Sergei, un homme plus âgé, dit : « Ce quartier a déjà été abattu. Un peu plus haut sur la colline, il y avait toujours un bureau du SBU (services secrets, ndlr), peut-être qu’ils ont toujours voulu le frapper. » Comme d’autres passants, il suppose que le missile venait de la direction de Bakhmut. « Comme nous l’avons vu tout au long. »
‘Anxieux? Ah, ta vie est déterminée par le destin, par Dieu…’
Il est important pour Kramatorsk que la contre-offensive ukrainienne soit couronnée de succès. Parce qu’en conséquence, les Russes ne peuvent plus frapper la ville, du moins pas avec l’artillerie normale. Mais on ne sait pas dans quelle mesure cette offensive est ou sera couronnée de succès. Un peu plus loin, quelques automitrailleuses à chenilles s’éloignent du front, suivies de pick-up militaires, de camionnettes et aussi de voitures ordinaires avec des militaires.
Comme Igor. Il s’arrête à une station-service construite avec des sacs de sable. « Je suis un artilleur. Nous nous battons ici autour de Bakhmut. C’est très difficile. Nous avons besoin de beaucoup plus. Des obus de 152 mm par exemple. pas celui que nous mettons est très lourd. »
Sur son téléphone, il montre une photo des canons d’artillerie – « post-soviétiques » – avec lesquels il travaille.

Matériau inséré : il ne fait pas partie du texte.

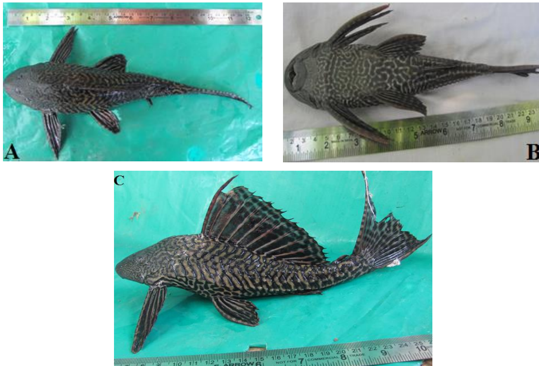
Figure 2. Pterygoplichthys disjunctivus Weber (1991) collected at Thiruvengadu, Tamil Nadu (A) Dorsal view, (B) Ventral view and (C) Lateral view.

500 g in weight. The way in which they enter in to ecosystem is unknown. It might be the introduction of aquarium fishes for ornamental purposes. Ozdilek (2007) and Molur et al. (2011) stated that, due to its rapid and aggressive feeding habit of this species it is a nuisance form in the aquatic habitat and very dangerous for the native fish fauna. The occurrence of this invasive catfish P. disjunctivus in the tributary of river Cauvery and nearby pond suggests that this species may be found in the entire region of River Cauvery, which needs further investigation. The establishment of Pterygoplichthys in this region can create a serious environmental issue in the near future, representing an alarming threat to the natural fauna. Thus, to prevent the spread of the introduced fish species and the consequential negative effects, the pathways of introduction and dispersal must be thoroughly controlled. In addition, awareness about the ecological implications of this species should be given to the local fisherman and also to create educations campaigns direct to hobbyists for not releasing this fish alive directed into bodies of water. If we fail in controlling this species expansion in inland water body, probably it will create a serious threat to the native biodiversity and livelihood of the traditional inland fisher folks.
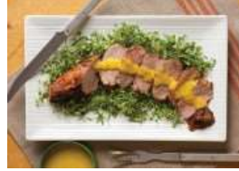
Mojo-Marinated Pork Tenderloin (Pernil)
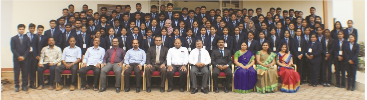
Beginning of a New Era – From Campus to Corporate: Batch 2017-19
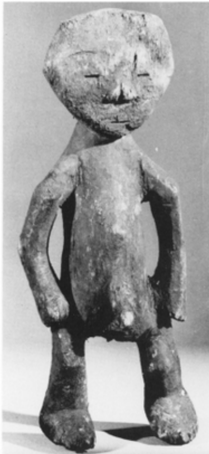
10. YELA FIGURINE, 40cm.
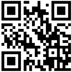
Video Step-by-step directions to set up Parent Observer
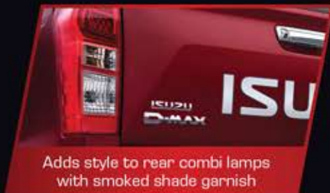
Adds style to rear combi lamps with smoked shade garnish
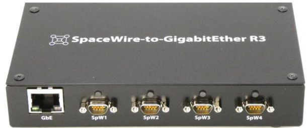
Model No.: GPWGB0300
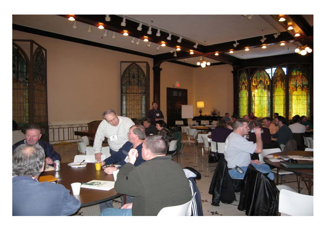
Working Session at Best Practices Workshop in Owatonna
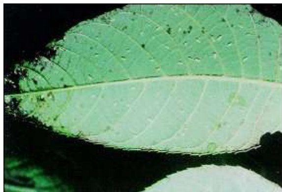
Figure 2. Aphids on undersurface of black walnut leaflet.

Sooty mold growth is of two types. The first is a deciduous growth on leaves, which lasts for the life of the leaf. The second is persistent growth on stems and twigs of woody plants and on humanmade structures. In this type, growth is renewed from existing mycelium of the fungi produced the previous season.
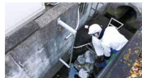
Drill on setting out sandbags and oil absorbent mats in preparation for leakages (Shinko North Co., Ltd.)

Each business location periodically conducts drills for possible emergency situations. Issues are identified in follow-up meetings after the drills and steps are taken to improve responsiveness.
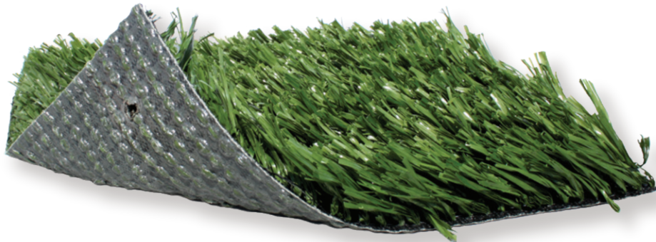
Standard Line and Field Colors*
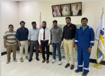
ILS-AHS NDT Department audit from customer BSTS
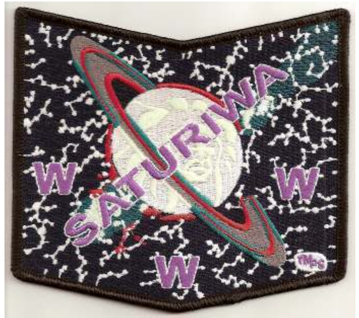
200 Satoriwa Chapter X-1 2011; no lodge name; 50 made.
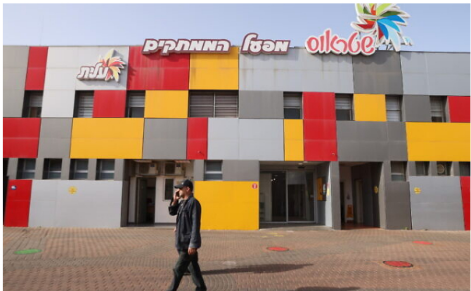
View of the Strauss Elite candy factory in Nof Hagalil, northern Israel, April 28, 2022.

Last Thursday, on April 28, the US Food and Drug Administration (FDA) posted Strauss' announcement of a voluntary recall that includes "all product codes currently on the US market." These products were distributed and sold in retail chains, like Walmart, in places where there is demand for kosher products, primarily in New York, New Jersey, Connecticut, California, and Florida, according to the announcement. Items are also sold online via e-commerce sites like Amazon.

N’a-t-il pas peur que cette station-service, importante pour la logistique et toujours pleine de militaires, soit aussi une cible, tout comme le restaurant un peu plus loin ? « Votre vie est déterminée par le destin. Par Dieu, vous n’avez qu’à vous y soumettre », dit-il.
Pendant ce temps à Kramatorsk, la sirène des raids aériens retentit pour la énième fois aujourd’hui. Une forte détonation retentit un peu plus tard, mais c’est encore assez loin et on ne sait pas exactement ce qui se passe. Incidemment, l’alarme anti-aérienne ne joue plus guère de rôle pour les habitants de Kramatorsk. Les gens semblent plus préoccupés par la forte averse qui frappe la ville un peu plus tard.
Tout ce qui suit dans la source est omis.